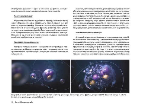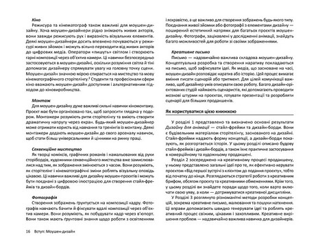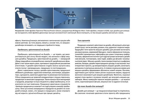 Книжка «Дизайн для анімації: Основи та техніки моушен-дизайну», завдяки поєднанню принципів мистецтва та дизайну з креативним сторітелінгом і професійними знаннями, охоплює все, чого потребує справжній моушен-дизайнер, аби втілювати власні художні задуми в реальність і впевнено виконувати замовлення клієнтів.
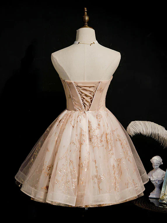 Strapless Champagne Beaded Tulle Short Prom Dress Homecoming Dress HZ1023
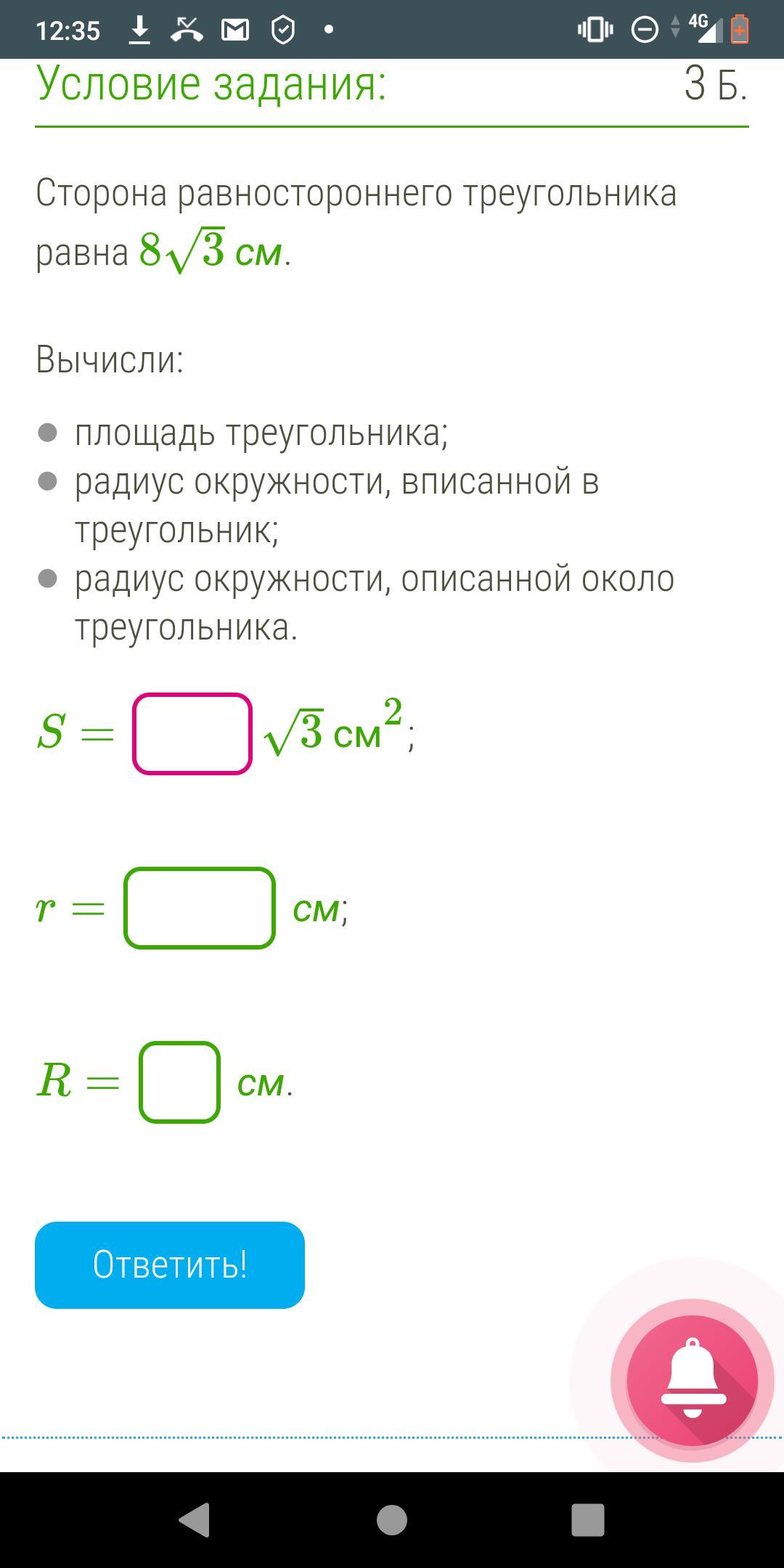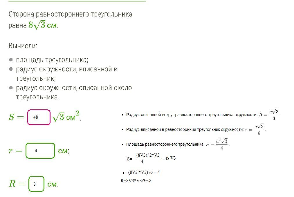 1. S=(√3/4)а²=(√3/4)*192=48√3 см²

## PROBLEM TO WORK ON
Give every line above again exactly, omitting whatever pictures appear.

## ANSWER TO THE EXERCISE
 Книжка «Дизайн для анімації: Основи та техніки моушен-дизайну», завдяки поєднанню принципів мистецтва та дизайну з креативним сторітелінгом і професійними знаннями, охоплює все, чого потребує справжній моушен-дизайнер, аби втілювати власні художні задуми в реальність і впевнено виконувати замовлення клієнтів.
 Strapless Champagne Beaded Tulle Short Prom Dress Homecoming Dress HZ1023
 1. S=(√3/4)а²=(√3/4)*192=48√3 см²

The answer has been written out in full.